"Michael Kedem"  writes:

> Hi
> My C6711, which runs on a custom board, runs way too slow.
> My peripherals include one asynchronous device (a PAL) and one SDRAM.
> 
> The Profiler Clock shows 6 cycles/ASM statement when single-stepping.
> However, when not single-stepping, instruction timings are even worse.
> 
> I thought this was a cache problem, so I configured the system to work
> without an L2 cache - this did not seem to make a difference.
> 
> When looking at data fetches from SDRAM on a logic analyzer,
> the Read and Write cycles look perfectly normal. But when looping
> on an instruction that repeatedly READs from a constant address in SDRAM,
> there are about 500 ns between reads, which are about 50 cycles/instruction.
> (to make sure there is no looping overhead, I unrolled the loop).
> 
> Any pointers or advice ?
> 

Are your EMIF settings correct?  50 cycles sounds like a very long
time though - even if they're wrong!

Is the code in SDRAM as well as the data?

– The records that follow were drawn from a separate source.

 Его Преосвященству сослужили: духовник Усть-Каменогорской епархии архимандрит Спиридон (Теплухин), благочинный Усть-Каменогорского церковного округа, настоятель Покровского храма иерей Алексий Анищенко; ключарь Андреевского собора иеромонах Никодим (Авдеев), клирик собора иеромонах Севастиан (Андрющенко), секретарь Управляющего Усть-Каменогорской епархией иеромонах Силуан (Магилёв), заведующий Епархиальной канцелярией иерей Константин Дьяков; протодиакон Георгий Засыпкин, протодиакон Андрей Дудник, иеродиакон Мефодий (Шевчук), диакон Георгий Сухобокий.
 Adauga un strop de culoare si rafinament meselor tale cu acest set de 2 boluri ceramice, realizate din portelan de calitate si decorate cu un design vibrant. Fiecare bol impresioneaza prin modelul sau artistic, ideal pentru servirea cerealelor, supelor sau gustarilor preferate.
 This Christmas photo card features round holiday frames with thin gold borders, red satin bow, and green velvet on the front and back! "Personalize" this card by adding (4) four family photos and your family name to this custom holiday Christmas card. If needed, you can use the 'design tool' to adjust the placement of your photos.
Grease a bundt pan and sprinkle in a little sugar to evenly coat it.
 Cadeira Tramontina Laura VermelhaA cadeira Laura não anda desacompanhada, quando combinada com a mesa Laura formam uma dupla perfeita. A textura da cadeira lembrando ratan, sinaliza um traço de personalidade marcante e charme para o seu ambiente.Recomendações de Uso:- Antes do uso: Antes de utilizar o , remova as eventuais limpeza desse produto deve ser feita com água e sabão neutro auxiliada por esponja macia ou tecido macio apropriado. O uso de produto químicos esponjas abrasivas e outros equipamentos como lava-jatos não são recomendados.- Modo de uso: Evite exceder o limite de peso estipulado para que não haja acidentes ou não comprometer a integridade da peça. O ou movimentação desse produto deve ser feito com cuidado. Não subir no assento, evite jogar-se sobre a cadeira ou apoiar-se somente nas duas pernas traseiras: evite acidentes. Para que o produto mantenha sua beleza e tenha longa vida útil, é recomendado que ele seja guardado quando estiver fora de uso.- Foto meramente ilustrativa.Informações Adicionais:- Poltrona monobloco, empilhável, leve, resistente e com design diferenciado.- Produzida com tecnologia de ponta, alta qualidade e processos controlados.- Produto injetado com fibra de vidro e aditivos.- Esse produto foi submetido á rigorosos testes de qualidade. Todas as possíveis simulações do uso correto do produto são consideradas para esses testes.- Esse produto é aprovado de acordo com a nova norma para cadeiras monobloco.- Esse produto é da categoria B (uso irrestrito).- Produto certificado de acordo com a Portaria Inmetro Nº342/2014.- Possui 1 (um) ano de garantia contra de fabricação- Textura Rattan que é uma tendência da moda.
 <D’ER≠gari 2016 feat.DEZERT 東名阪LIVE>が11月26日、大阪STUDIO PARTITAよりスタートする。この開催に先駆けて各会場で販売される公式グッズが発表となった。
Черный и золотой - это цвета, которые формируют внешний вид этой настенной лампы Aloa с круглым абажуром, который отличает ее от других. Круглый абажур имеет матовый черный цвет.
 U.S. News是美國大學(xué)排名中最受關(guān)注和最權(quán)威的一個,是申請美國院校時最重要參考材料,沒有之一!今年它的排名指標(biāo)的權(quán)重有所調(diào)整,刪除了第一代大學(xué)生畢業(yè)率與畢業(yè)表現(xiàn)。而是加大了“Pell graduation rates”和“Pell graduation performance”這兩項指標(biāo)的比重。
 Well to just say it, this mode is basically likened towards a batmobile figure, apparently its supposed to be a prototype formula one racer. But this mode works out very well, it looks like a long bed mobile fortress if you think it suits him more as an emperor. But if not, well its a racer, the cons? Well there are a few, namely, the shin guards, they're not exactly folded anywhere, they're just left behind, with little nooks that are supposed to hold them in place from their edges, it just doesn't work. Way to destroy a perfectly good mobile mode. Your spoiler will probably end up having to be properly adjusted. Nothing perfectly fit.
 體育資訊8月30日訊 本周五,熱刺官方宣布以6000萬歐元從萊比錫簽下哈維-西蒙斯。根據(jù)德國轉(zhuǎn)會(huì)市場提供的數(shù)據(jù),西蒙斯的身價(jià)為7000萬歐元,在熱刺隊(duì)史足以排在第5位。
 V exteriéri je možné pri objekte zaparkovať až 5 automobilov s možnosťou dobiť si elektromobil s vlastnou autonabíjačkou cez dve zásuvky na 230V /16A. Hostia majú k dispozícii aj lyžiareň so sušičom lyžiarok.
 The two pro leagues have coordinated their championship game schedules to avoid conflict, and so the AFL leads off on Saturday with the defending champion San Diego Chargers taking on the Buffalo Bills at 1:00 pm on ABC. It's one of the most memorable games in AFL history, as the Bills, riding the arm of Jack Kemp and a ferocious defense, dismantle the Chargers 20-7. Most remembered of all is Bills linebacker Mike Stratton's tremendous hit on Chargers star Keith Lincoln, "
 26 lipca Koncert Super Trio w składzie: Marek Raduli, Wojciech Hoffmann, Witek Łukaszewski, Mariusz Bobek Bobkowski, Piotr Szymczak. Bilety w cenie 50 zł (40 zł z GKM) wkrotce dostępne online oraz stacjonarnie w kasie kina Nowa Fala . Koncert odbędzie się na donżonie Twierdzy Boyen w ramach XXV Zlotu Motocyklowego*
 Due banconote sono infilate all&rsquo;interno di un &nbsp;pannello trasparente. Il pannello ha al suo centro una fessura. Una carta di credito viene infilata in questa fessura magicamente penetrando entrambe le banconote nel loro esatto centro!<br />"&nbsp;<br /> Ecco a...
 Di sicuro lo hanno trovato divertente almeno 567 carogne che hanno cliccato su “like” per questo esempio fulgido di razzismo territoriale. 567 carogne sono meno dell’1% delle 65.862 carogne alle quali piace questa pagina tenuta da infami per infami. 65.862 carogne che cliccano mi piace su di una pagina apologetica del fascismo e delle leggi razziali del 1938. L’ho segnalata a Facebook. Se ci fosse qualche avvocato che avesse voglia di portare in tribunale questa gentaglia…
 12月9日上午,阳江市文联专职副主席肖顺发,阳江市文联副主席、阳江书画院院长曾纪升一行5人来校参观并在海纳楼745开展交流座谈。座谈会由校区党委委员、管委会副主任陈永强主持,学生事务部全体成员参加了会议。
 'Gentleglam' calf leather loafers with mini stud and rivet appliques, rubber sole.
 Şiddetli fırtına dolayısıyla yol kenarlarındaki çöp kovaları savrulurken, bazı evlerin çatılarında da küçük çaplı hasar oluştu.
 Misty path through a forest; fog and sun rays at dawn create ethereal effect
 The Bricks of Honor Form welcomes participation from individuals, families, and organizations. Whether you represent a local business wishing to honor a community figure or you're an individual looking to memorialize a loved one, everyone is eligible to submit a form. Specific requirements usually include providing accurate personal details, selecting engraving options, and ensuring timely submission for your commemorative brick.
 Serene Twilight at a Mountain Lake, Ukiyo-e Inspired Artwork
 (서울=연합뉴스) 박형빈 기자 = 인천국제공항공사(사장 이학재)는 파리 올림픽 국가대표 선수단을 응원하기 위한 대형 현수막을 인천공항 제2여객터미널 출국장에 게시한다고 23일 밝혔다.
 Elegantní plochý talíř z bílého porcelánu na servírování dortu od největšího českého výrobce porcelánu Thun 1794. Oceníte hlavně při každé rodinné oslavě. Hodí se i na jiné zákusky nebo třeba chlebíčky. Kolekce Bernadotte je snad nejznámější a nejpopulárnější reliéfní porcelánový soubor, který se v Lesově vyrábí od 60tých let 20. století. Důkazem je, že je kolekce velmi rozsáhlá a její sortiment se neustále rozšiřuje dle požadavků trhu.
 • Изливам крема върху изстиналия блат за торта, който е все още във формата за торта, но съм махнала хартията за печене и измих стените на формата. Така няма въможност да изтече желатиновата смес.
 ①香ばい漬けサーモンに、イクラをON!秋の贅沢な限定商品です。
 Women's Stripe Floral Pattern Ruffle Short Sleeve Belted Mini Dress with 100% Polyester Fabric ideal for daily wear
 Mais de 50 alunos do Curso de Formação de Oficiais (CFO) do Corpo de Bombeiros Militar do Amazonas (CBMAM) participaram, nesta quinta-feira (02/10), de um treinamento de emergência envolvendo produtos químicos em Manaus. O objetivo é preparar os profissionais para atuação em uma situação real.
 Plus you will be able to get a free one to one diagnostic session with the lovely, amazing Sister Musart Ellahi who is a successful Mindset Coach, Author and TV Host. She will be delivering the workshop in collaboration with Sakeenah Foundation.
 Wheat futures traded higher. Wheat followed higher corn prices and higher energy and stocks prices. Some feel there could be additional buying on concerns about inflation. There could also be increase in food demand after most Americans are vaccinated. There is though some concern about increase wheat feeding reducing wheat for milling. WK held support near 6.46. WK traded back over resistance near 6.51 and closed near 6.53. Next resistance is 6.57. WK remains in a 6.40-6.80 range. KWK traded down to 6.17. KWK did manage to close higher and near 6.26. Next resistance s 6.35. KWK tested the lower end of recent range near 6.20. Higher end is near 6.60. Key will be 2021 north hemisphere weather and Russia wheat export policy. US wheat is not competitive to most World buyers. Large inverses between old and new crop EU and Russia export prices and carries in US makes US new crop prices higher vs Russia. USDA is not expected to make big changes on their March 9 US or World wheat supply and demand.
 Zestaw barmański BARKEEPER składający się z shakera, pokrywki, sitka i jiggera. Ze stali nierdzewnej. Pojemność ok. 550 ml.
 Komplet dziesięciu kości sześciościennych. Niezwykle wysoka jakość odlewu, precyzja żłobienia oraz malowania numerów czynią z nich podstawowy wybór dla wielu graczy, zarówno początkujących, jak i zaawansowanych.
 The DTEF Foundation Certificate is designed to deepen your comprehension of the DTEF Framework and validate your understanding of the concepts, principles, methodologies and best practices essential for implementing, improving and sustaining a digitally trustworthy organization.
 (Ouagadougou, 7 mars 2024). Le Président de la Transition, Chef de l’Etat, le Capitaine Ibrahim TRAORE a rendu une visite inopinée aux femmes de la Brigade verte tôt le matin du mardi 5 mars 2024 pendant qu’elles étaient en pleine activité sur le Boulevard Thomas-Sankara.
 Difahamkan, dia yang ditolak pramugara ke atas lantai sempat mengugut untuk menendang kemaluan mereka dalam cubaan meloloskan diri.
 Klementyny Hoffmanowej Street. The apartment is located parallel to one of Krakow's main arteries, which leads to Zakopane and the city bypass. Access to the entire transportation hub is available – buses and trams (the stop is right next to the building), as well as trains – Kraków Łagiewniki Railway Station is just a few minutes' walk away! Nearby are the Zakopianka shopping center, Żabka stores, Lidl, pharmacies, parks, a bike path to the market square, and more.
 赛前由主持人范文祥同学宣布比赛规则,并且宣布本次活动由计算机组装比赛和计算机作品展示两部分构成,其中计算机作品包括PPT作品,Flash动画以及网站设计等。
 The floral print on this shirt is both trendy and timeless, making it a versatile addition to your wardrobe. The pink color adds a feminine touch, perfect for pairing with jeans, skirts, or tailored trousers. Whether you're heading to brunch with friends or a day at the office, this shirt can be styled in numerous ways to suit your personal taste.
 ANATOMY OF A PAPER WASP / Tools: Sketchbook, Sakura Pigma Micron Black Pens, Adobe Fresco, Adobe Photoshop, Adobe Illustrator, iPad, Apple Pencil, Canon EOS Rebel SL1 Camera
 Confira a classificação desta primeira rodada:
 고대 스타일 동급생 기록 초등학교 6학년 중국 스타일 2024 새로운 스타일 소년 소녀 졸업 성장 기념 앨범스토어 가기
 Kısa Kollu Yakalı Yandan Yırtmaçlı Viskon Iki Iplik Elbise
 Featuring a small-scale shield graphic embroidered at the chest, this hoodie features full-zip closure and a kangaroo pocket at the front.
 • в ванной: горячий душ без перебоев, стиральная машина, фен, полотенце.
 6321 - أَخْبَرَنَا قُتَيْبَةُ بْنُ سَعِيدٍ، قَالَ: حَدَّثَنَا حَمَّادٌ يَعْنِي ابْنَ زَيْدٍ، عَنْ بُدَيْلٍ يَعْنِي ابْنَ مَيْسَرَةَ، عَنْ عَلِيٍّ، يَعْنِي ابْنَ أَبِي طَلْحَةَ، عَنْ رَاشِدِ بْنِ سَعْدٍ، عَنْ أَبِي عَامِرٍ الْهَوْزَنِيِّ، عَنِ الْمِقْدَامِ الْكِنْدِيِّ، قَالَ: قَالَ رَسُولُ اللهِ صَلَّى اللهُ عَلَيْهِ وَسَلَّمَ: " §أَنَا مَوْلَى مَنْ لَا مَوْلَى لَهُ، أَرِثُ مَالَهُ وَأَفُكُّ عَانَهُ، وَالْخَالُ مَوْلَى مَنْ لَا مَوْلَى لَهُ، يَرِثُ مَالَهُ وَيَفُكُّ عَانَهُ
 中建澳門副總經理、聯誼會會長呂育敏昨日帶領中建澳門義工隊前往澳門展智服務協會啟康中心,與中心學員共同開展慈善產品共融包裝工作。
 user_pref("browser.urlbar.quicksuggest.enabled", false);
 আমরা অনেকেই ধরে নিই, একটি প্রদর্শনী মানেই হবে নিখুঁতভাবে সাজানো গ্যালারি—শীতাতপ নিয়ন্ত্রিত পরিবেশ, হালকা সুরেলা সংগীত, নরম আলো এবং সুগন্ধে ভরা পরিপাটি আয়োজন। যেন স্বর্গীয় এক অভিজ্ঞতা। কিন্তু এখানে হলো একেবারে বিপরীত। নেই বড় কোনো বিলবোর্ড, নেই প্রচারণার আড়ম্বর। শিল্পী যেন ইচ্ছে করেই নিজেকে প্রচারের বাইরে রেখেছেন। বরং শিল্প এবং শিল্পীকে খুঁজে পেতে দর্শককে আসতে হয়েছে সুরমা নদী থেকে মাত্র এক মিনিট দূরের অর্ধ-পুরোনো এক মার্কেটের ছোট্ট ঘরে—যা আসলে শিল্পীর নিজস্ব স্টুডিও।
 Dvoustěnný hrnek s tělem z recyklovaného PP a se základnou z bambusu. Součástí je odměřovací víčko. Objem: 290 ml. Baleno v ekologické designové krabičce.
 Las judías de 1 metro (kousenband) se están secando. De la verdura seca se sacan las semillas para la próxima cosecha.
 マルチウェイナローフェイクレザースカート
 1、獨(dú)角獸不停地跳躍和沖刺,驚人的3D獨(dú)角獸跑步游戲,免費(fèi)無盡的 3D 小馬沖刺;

Does the assembly code for your continuous loop looks like you might
expect?

Cheers,
Martin

-- 
martin.j.thompson@trw.com
TRW Conekt, Solihull, UK
http://www.trw.com/conekt

howard@zaxcom.com (howy) writes:

> > My C6711, which runs on a custom board, runs way too slow.
> > My peripherals include one asynchronous device (a PAL) and one SDRAM.
> > Michael Kedem
> 
> I woud like to know more about this too. I have a custom 6713 board
> and it does run pretty damn fast as long as the cache is enabled
> (32bit sdram, many 16 bit peripherals including 1/4 vga color LCD
> touch screen and full blown graphical user interface). However when
> the cache is turned off I get a 50X reduction (yes 50 times) in
> overall performance. This was also true of the 6711 DSK board.
> 
> Mye regular program with the cache enabled can update the screen at 60
> frames per second. I wrote a simple loop to fill the screen with
> pixels which takes (320*240)/2=38400 16bit transfers at 200ns each.
> With the cache disabled it can only fill the screen at a rate of 1 or
> 2 frames per second! Changing the wait states of the LCD controller
> from 200ns to 1000ns made little difference in performance. Therefore
> I was under the impression that since the DSP's instructions are up to
> 256 bits wide, that the DSP is starved by the SDRAM. But maybe there
> is something more to it than that. I recall seeing that you can get
> more than 12 wait states for every out of page SDRAM access, but I
> never measured it on my board.
> 

As an aside, remember the L1 cache is always enabled for program RAM.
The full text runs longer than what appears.